Step 4: Assess Then Overcome Common Barriers to Advocacy
Many school psychologists struggle to embrace advocacy for the profession as a personal responsibility. However, for the advancement of our professional standards to be realized, we must all work together as advocates. In order to plan an effective advocacy campaign, we need to consider what the commonly stated barriers are and how to overcome them:
- School psychologists are reluctant to advocate because they believe that advocacy for the profession is simply about self-promotion and not ensuring access to school psychological services. Overcoming This Barrier: Students benefit from access to appropriate services designed to address their needs. Advocacy for our profession is about helping to ensure that students have access to the school psychological services they need. It is about the students first.
- School psychologists lack knowledge about effective advocacy and communication strategies. Overcoming This Barrier: Many school psychologists report that they don't feel that they have the knowledge about how to craft advocacy messages or the advocacy strategies that are most effective. NASP has communication resources and advocacy resources available to assist school psychologists in developing the skills, strategies, and resources to effectively talk about our profession.

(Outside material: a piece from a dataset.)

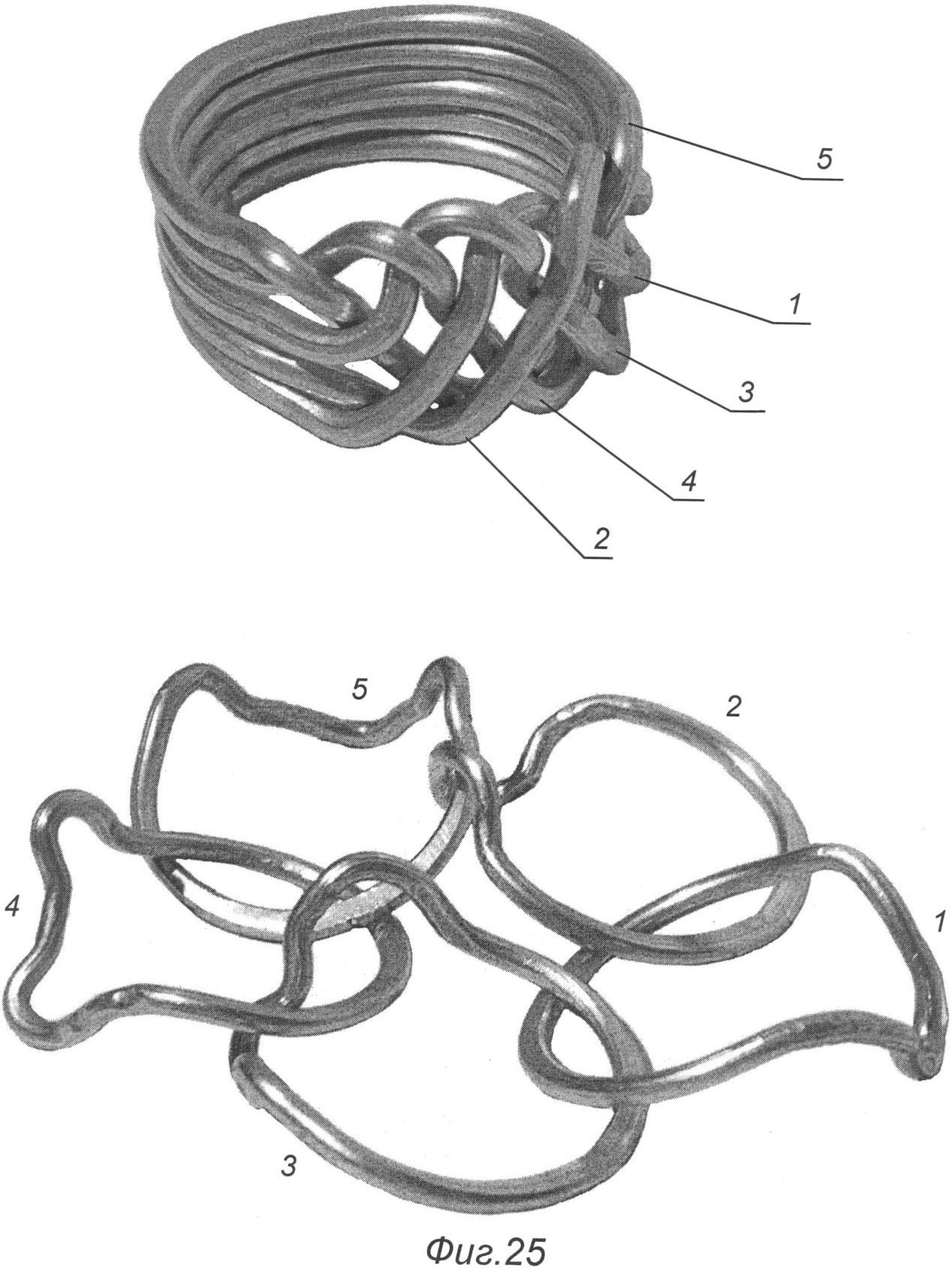 На фиг.25 приведен фоторисунок (подправленная цифровая фотография) опытного образца головоломки в собранном и разобранном состоянии, схема переплетения которой показана на фиг.1 (после начала серийного производства надо будет заменить его на фотографию более аккуратного изделия, а пока имеются только рабочие образцы, которые можно попытаться пособирать – например на экспертном совещании или еще где-нибудь).

- School psychologists prefer certain roles over others and focus on providing services in those areas despite the need to provide comprehensive, integrated services to be more responsive to students and schools. Overcoming This Barrier: We all have our likes and dislikes when it comes to our jobs. However, it is critical that we consider the breadth of services we offer based on the needs of our students, not just our own personal preferences. School psychologists have both a contractual obligation and an ethical obligation to provide quality school psychological services and supports to students in need. The national standards that articulate the scope of practice for school psychologists are found in the NASP Practice Model standards. The NASP Self-Assessment for School Psychologists is a great tool to help school psychologists begin to consider what they do and how it matters to the consumers of their services.
- School psychologists assume that school administrators, teachers, and parents are familiar with their training and expertise, so they work in response to what is asked of them instead of what they could offer to meet the needs of students, educators, and schools. Overcoming This Barrier: It is our responsibility to educate administrators, teachers, and parents about our knowledge and skills. We need to make the connections for others between what a student needs and the type of services we can offer to support those needs. Sharing the NASP Practice Model brochure is a great way to begin helping others understand how we can be the best possible resource to them.